Agreed. F-Line had some discussion of this in the general topics thread a couple years ago:
The T needs the project simply because Lowell is an outsized cost chew for lacking a layover yard, PAR Nashua Yard is the most logical candidate, and RUR service to Lowell run with acceptable cost recovery basically requires crossing the state line to tap Nashua Yard. The rest of the value proposition for them is simply about diverting the NH plates the sell out Lowell Garage capacity each day at the border @ South Nashua so there's more room for local increases, and expanding outright in-district reach to Vinal Sq. North Chelmsford (LRTA bus diverging point) and UMass-Lowell. Purely selfishly those require crossing the border to accomplish, so the "go it alone" efforts City of Nashua has engaged in to inoculate themselves from getting fucked over by the NH Legislature again are being enacted with *significant* egging-on from south of the border. Lifetime irrevocable MBTA trackage rights to Concord and quid-pro-quo's with PAR for use of Nashua Yard were squared 12 years ago in the GLX land swaps between state and PAR, so the ops side is all set as well as what MA "freight grants" get wink-wink reciprocal PAR self-investment for upgrading the track between state line and Nashua. All they need is somebody in NH to actually fund & design-build the stations and they're otherwise ready to push this over the finish line.
No...they're taking up parking spots in Lowell garage. That's fact, not supposition, documented to the nines in the studies. This is why there's such purely selfish, in-district motivation for hitting Nashua and why they need the minimal assist for the cross-border stations to make it happen. In-district mobility is tremendously upgraded diverting those NH plates so MA plates have a shot.

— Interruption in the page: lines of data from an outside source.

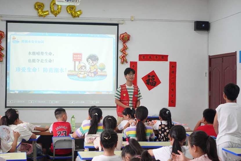 2024年7月22日,山東大學學生春暉社泗海承風支教隊的志愿者們在壹基金兒童服務站苗館鎮郭家莊村站點開展課程教學,今天教學的主要內容有圍棋科普和防溺水知識科普講座。
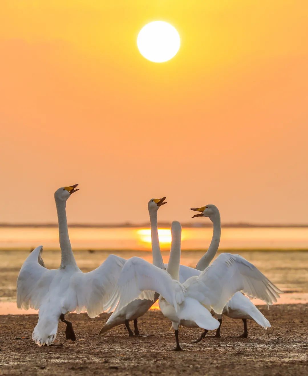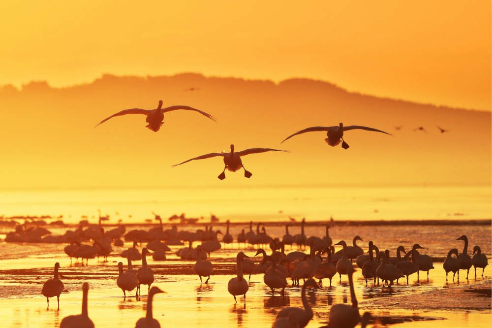 荣成作为大天鹅的最佳越冬栖息地,每年自10月中下旬开始,上万只大天鹅从西伯利亚、蒙古飞行2000—4000公里来到荣成,主要栖息在俚岛镇烟墩角海湾、好运角旅游度假区天鹅湖海面,以及荣成沿海、湿地、河道等地,觅食、游玩、亲昵、飞翔。随着近期天气转冷,将会有越来越多的大天鹅飞抵这里,场面十分壮观,那洁白的天使或追逐戏水,或引吭高歌,或凌空翱翔,使人如醉如痴,流连忘返……
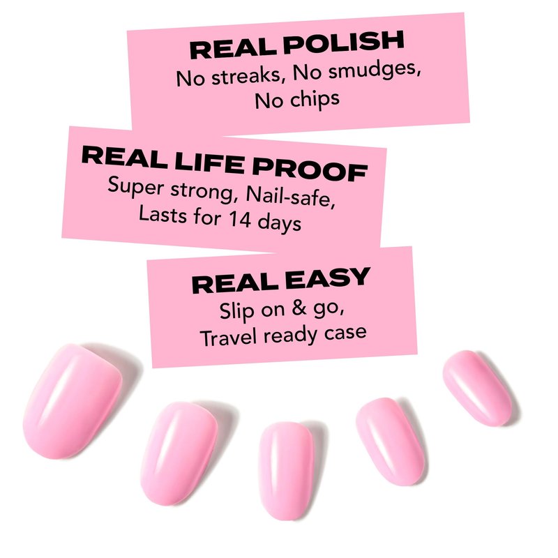 - REAL POLISH No streaks, no smudges, no chips. Reusable nails made from 100% PCR. Salon quality color and gel shine finish.
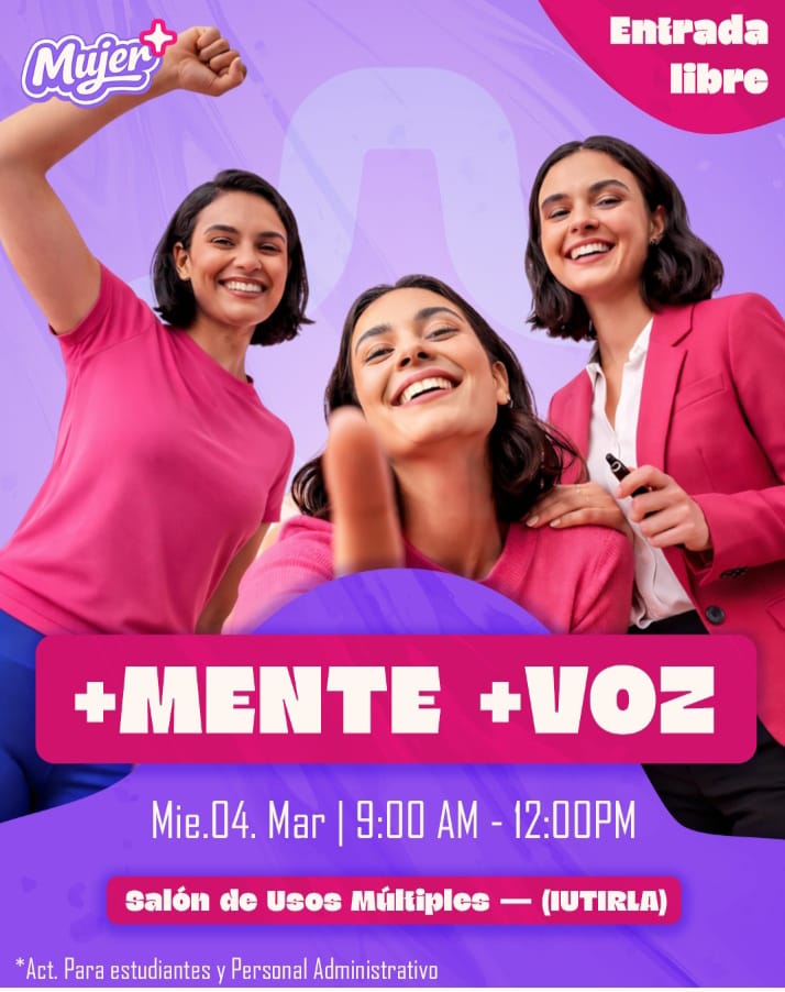 En el marco de la conmemoración del Día Internacional de la Mujer, el Salón de Usos Múltiples del IUTIRLA, sede La Beatriz en Valera, fue el epicentro de una importante jornada de sensibilización y formación académica denominada “+ Mente + Voz”. El evento, realizado este miércoles 4 de marzo, reunió a la comunidad universitaria en torno a un ciclo de ponencias orientadas a la defensa de los derechos femeninos y la salud mental.
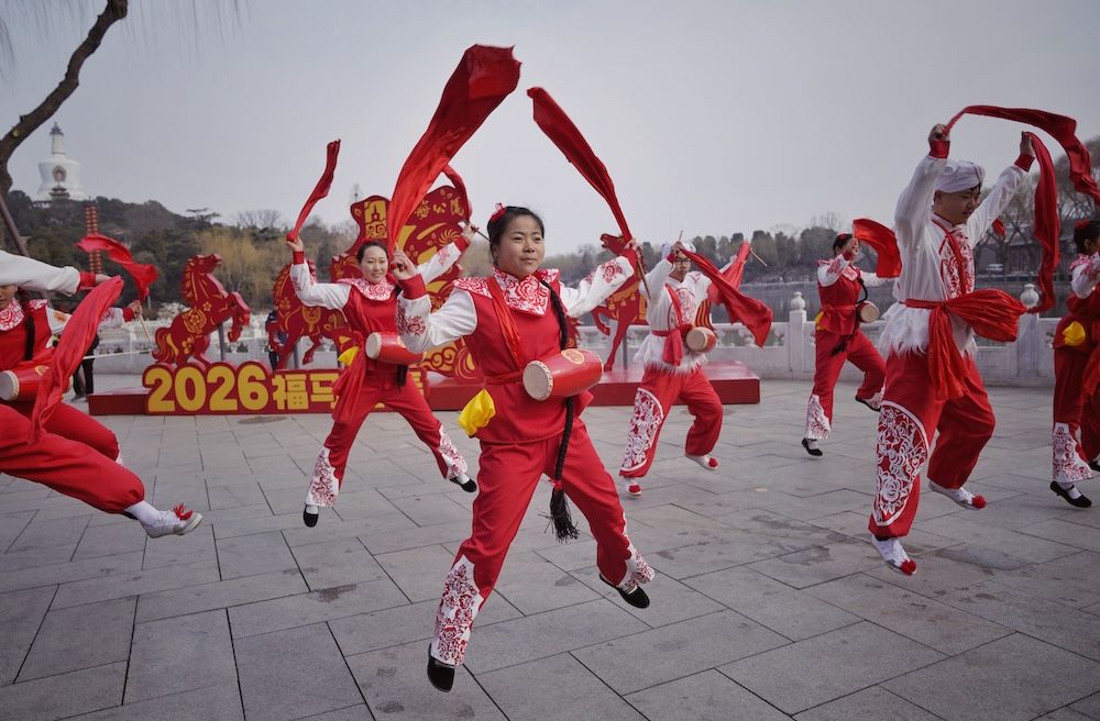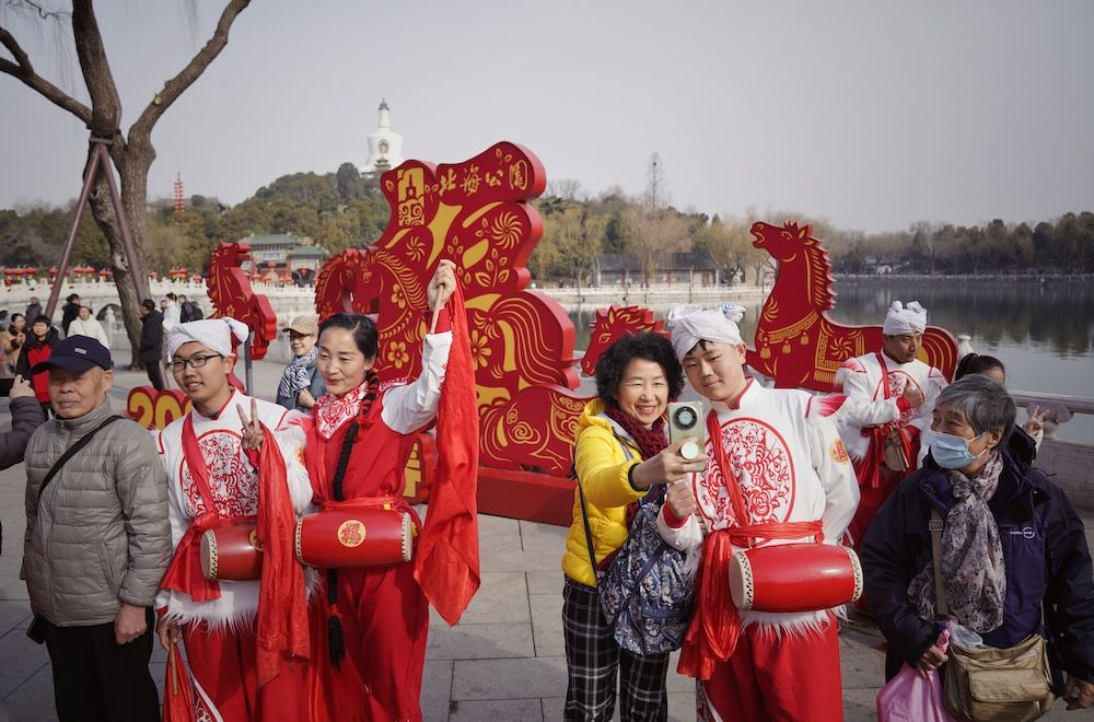 2月21日,大年初五,北海公园,安塞腰鼓表演吸引了不少游客。初一至初七,北海公园每日上演三场非遗安塞腰鼓表演,为市民游客营造喜庆祥和热烈的年味。

I imagine the pandemic has (temporarily?) alleviated that second problem in part, but it remains a future consideration that the lack of NH service is actively detrimental to MA residents' ability to use the existing CR, not to mention that existing service is limited (and inefficient on cost terms) because of the lack of layover. I'd agree that all of that doesn't necessarily add up to "worth it" for the cost to MA, but it absolutely does have to be factored in.